- Church: Catholic Church
- Diocese: Diocese of Nola
- In office: 1684–1695
- Predecessor: Filippo Cesarini
- Successor: Daniele Scoppa

Orders
- Ordination: 1653
- Consecration: 16 January 1684 by Alessandro Crescenzi (cardinal)

Personal details
- Born: 1638 Naples, Italy
- Died: 12 May 1697 (age 59) Nola, Italy

= Francesco Maria Moles =

Italian Roman Catholic prelate

Francesco Maria Moles, C.R. (1638 – 12 May 1697) was a Roman Catholic prelate who served as Bishop of Nola (1684–1695).

==Biography==
Francesco Maria Moles was born in Naples, Italy in 1638 and ordained a priest in the Congregation of Clerics Regular of the Divine Providence in 1653. On 10 January 1684, he was appointed during the papacy of Pope Innocent XI as Bishop of Nola.

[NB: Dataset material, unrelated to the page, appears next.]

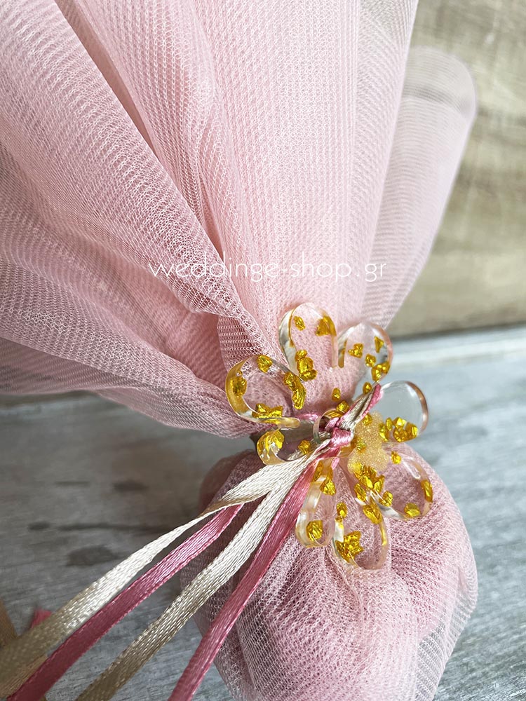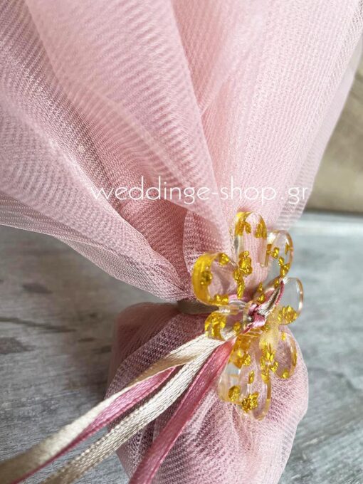 Μπομπονιέρα τούλινη με λουλούδι από υγρό γυαλί

On 16 January 1684, he was consecrated bishop by Alessandro Crescenzi (cardinal), Cardinal-Priest of Santa Prisca, with Giuseppe Bologna, Archbishop Emeritus of Benevento, and Victor Augustinus Ripa, Bishop of Vercelli, serving as co-consecrators. He served as Bishop of Nola until his resignation in 1695. He died on 12 May 1697.

While bishop, he was the principal co-consecrator of Placido Scoppa, Archbishop of Dubrovnik (1693).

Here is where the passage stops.